SEX AS IDEA AS IDEA, Monday

Madeleine Stack:

When we arrive, the mood is glum as the residents focus on an uncertain future.

We want to take the barriers off the front windows – speak to the street.

Outside, it’s raining on commercial road. A voice floats in: shoul we ‘ave chicken, or meat box? The street speaks to us.

After a week of rushing, rushing, it feels so good to be still in the cool dim room and work. like we’ve escaped to a country cottage, only we’re in mile end. we remark again and again how sad it is that this space – a home and a refuge – is going to be taken away by the ‘owners’; as if ownership works like that.

We’re both talking about JK when we say HE. ‘Freud? dude loves Freud. We’re so on the same wavelength our conversation becomes a ping-pong of words, look up, read quote, question?

We talk about Ana Mendieta and Lee Lozano. In my mind they are patron saints of this work. From Wikipedia:

‘Ana Mendieta died on September 8, 1985 in New York from a fall from her 34th floor apartment in Greenwich Village’s 300 Mercer Street,[22] where she lived with her husband of eight months, minimalist sculptor Carl Andre.
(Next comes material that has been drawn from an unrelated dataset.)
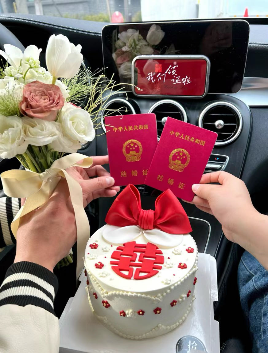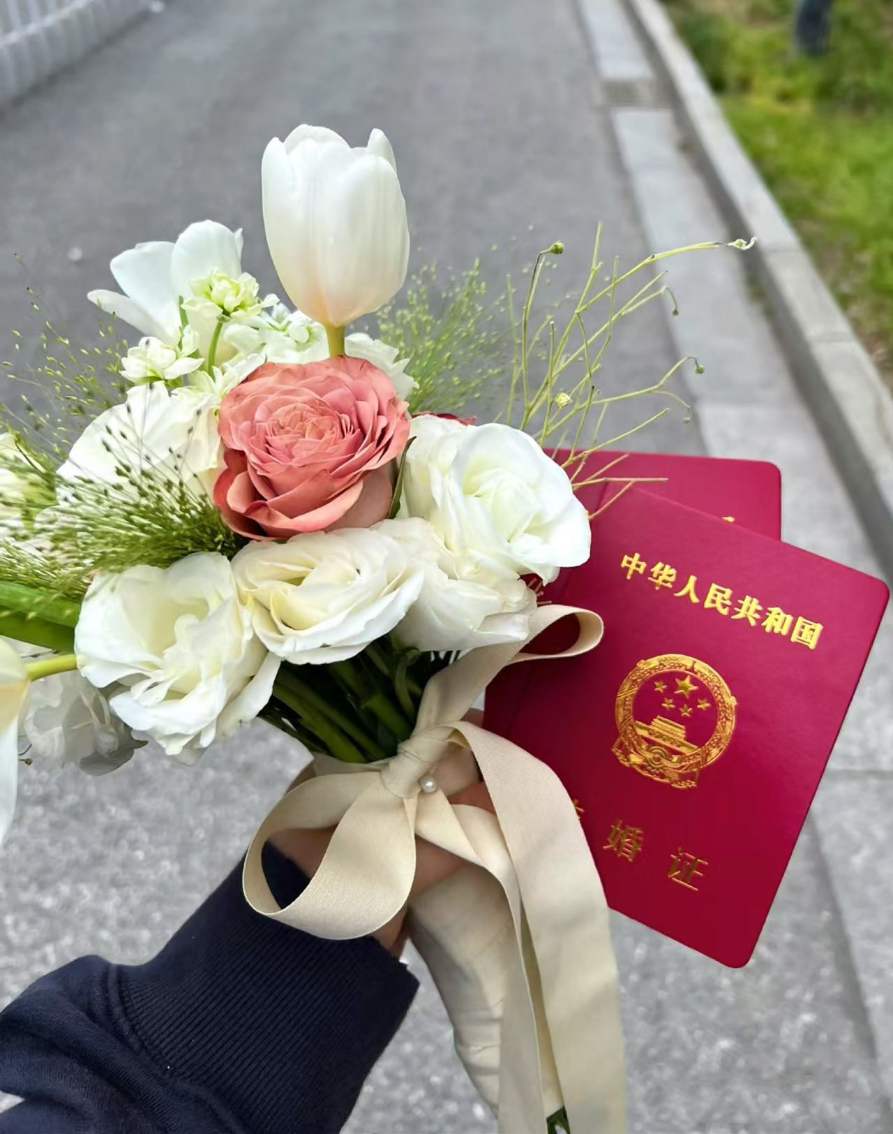• 领证快乐,愿你们的爱情像花儿一样绽放,幸福永久。

She fell 33 stories onto the roof of a deli. [23] Just prior to her death, neighbors heard the couple arguing violently.[15] There were no eyewitnesses to the events that lead up to Mendieta’s death[24] A recording of Andre’s 911 call showed him saying: “My wife is an artist, and I’m an artist, and we had a quarrel about the fact that I was more, eh, exposed to the public than she was. And she went to the bedroom, and I went after her, and she went out the window.” In 1988, Andre was tried and acquitted of her murder. During the three-year trial, Andre’s lawyer described Mendieta’s death as a possible accident or suicide. The juror found Andre not guilty on grounds of reasonable doubt.
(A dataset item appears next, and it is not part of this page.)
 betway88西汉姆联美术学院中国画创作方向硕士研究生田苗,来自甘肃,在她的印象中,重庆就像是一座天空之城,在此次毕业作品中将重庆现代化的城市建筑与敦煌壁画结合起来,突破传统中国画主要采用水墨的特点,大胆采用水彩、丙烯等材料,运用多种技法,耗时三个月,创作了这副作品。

The acquittal caused an uproar among feminists in the art world, and continues to remain controversial to this day. In 2010, a symposium called Where Is Ana Mendieta was held at New York University to commemorate the 25th anniversary of her death.[26] In May 2014, the feminist protest group No Wave Performance Task Force staged a protest in front of the Dia Art Foundation’s retrospective on Carl Andre.[27] The group deposited piles of animal blood and guts in front of the establishment, with protesters donning transparent tracksuits with “I Wish Ana Mendieta Was Still Alive” written on them. In March 2015, the No Wave Performance Task Force and a group of feminist poets from New York City traveled to Beacon, New York to protest the Andre retrospective at Dia:Beacon, where they cried loudly in the main gallery, made “siluetas” in the snow on museum grounds, and stained the snow with paprika, sprinkles, and fake blood.’
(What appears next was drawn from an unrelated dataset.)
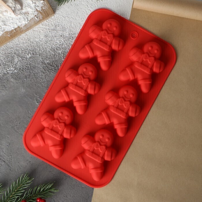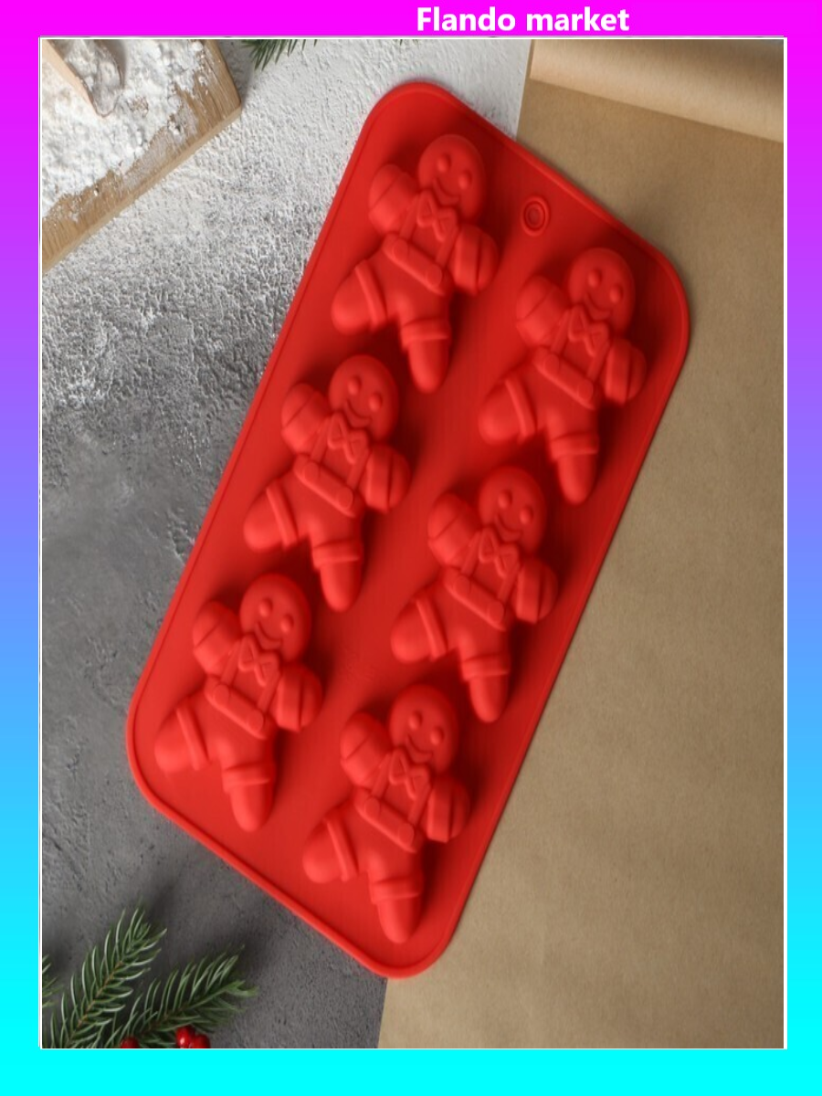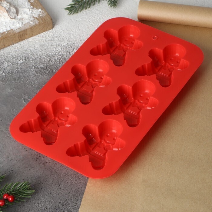 !09 Форма силиконовая для выпечки «Новый год. Имбирный пряник», 28×17 см, 6 ячеек, цвет МИКС

I remember being in New York while this protest happened at the Dia. There was an image in the newspaper of a young woman, possibly an assistant at the Chelsea gallery, gingerly stepping over the blood with a bucket in her expensive shoes, a woman sent to clean up the mess again.

I imagine one of Mendieta’s Silhuetas in the garden space of AA; visitors stepping over and through the outline of pigment or petals. By chance, I received a book in the post as we left the house this morning: Bhanu Kapil’s Ban en Banlieue. In the blurb, a piece of synchronicity: ‘Drawing equally from the works of Theresa Hak Kyung Cha and Ana Mendieta, Ban traces an outline around the charred remains of those disposable bodies, “both dead and never living,” marking the borders of national belonging and permissible sexual violence.’ Stepping over, stepping through, marking a border.

 

anatum abode

 

Bjørk Grue Lidin:  

‘Hetero-partitioning’ refers to the isolation of certain body-parts turning them into sexual signifiers while leaving any bodily totality unthinkable. I’m thinking of Preciado’s Contrasexual Manifesto as I’m cutting, distorting, sewing and sticking condoms together. Hetero-partitioning reproduces and fossilizes sexual difference. The condom – the barrier – constructs a bipolar relationship between the partitioned hetero-sexualised parts: the pussy and the penis; the penetrator and the receiver; the perpetrator and the victim. Subverting this lubricated barrier into one of resistance and neglect opens up possibilities for sewing together lost bodily totality or creating disruptive sexual signifiers confusing patriarchal conceptualisms.